As real estate investors we’re supposed to do all sorts of calculations to make sure we’re getting a good deal. But what happens if you don’t know the real estate formulas in order to do the calculations in the first place?
Never fear as long as I am here.
Here’s my big list of real estate formulas so you too can not only see if you have a good deal but also have fun with math.
Gross Scheduled Income (GSI)
GSI = Total Monthly Rents X # Units X 12 Months
This is the max income that a property will produce based on the market rents. This is not a figure that’s ever based in reality.
Gross Operating Income (GOI)
GSI X Occupancy = GOI
The opposite of vacancy and what we use because our glass is half full, not half empty. If you have 85% occupancy, you’ve got 15% vacancy.
Net Operating Income (NOI)
GOI – Expenses = NOI
Don’t include your debt service aka mortgage payment in the expenses. NOI is the figure that I pay the MOST attention to when evaluating a property. How much am I gonna make?
Expense Ratio = 1 – (NOI / GSI)
This is the percentage of gross scheduled income that goes to expenses.
It’s important if you want to call bull#$*! on a seller when they claim to have a 15% expense ratio. For deals I see, this is typically around 35-40%.
Cash Flow = NOI – Debt Service
It’s important to make sure the NOI and debt service numbers are as accurate as possible here. A small change in interest rate or going from a 30 year loan to a 25 year loan will have a big impact on cash flow.
CAP Rate = NOI / Price
Basically it’s the return on investment you would make if you paid cash for the property. It’s usually expressed as a market CAP rate meaning that all props in a certain market should expect this return.
Beware of high CAP rates (15-20%) and just because it has a decent CAP rate doesn’t mean it will cash flow. Some people put a lot of faith in this ratio but I personally do not.
Gross Rents Multiplier (GRM)
Price / Monthly Rent = GRM
This is a quick way to see if you have a good deal or a crappy one. Under 100 should cash flow. Under 80 and you’ve most likely got a deal.
Return On Investment (ROI)
ROI = Annual Cash Flow/Down Payment
This is the annual return that you get from cash you put into a deal. If you put down a big down payment and after all your hard work you’re only getting a 4% return then you may want to look for another strategy or just stick to the mutual funds and relax. If you’re doing highly leveraged deals with little cash in then good for you but this number may then be meaningless.
Debt Service Coverage Ratio (aka Debt Coverage Ratio DCR or DSCR)
DSCR = NOI/Annual Debt Service
The ability to pay mortgage from the property income
Most lenders will require a minimum of 1.20. To be safe try for 1.50. At 1.00 you’re just breaking even and at .90 you’re losing money.
Internal Rate of Return (IRR)
Ok, you’re gonna have to travel back to business finance class with me now.

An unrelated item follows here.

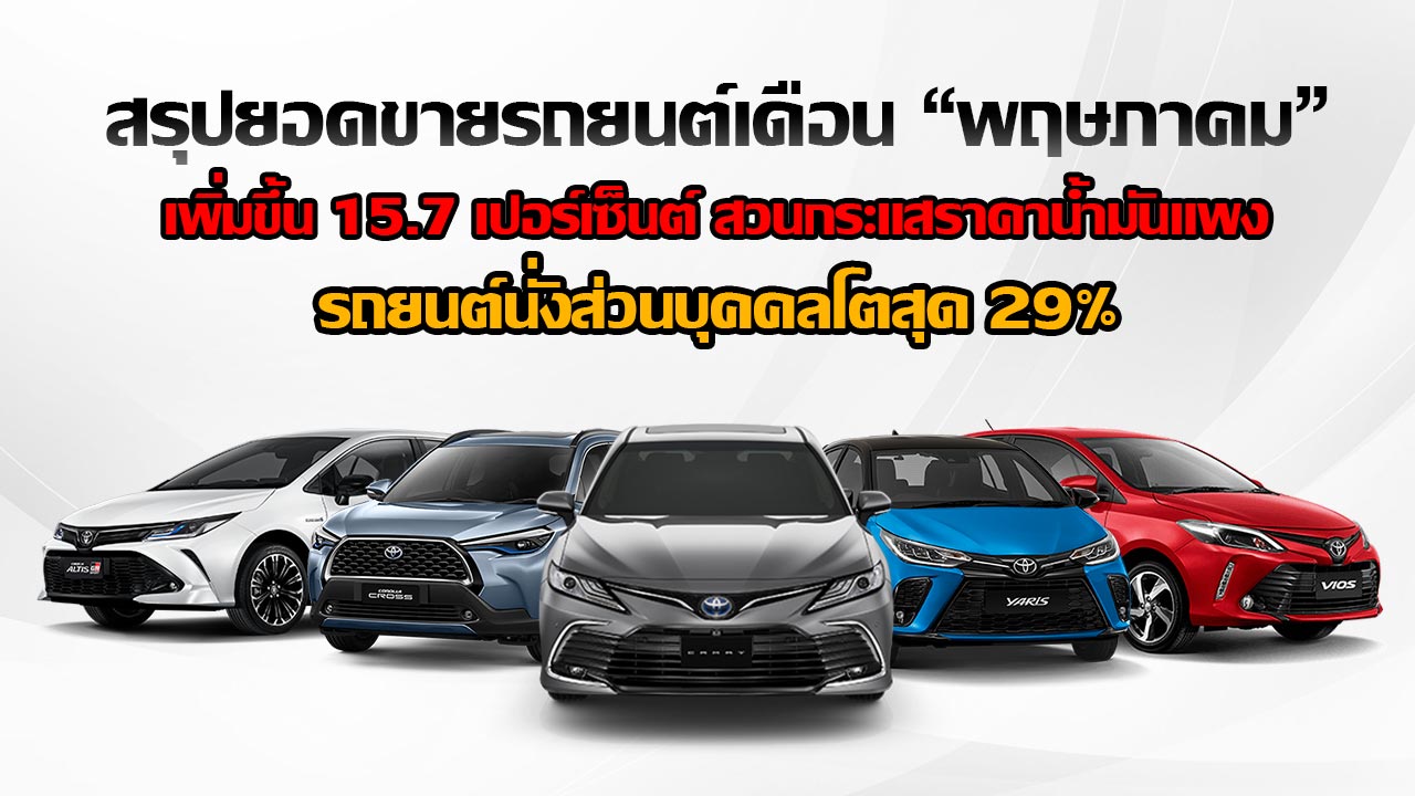 สรุปยอดขายรถยนต์เดือน”พฤษภาคม” โตขึ้น 15.7 เปอร์เซ็นต์ สวนกระแส น้ำมันแพง รถยนต์นั่งโตสุด 29%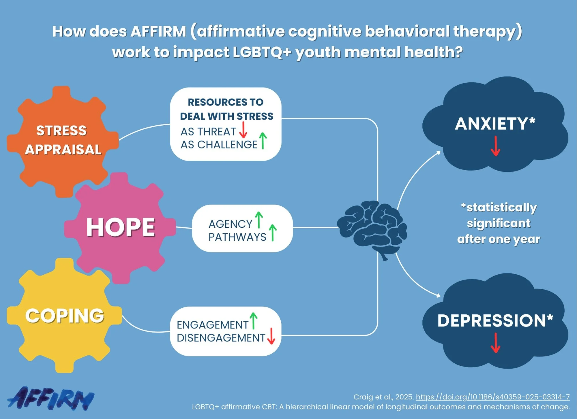 Results: Participants reported significant improvements in anxiety and depression from baseline to 1-year follow-up as well as increased engagement coping, social support, hope, and improved stress appraisal. SGDAYA, who appraised stress as a threat and had less ability to envision a hopeful future (hope pathway) at baseline, reported greater improvements in depression and anxiety; additionally, those who used more disengagement coping strategies prior to AFFIRM reported more reduction in depression. Participants with the most significant long-term improvement in depression reported (a) greater increases in their resources to deal with stress, (b) more uptake of engagement coping, and (c) improved hope pathway.

This ratio is the net present value of a series of future cash flows. I recommend using a financial calculator for this one. Simply stated (even though there’s nothing simple about it – see the graphic above) it’s the required rate of return which equates the Initial Cost Outlay with the present value of series of expected cash flows. In other words IRR is the rate at which the difference between ICO and present value of cash inflows in zero.
It’s ROI on steroids, taking into effect the time value of money AND equity accumulation, appreciation, and tax shelter.
One thing to note is that a property can have a decent IRR but still have negative cash flow during the time you own it so beware.
Ok, there you have it. My big, bad list of real estate calculations. Use at your own risk. And remember to always overestimate the expenses and underestimate the income.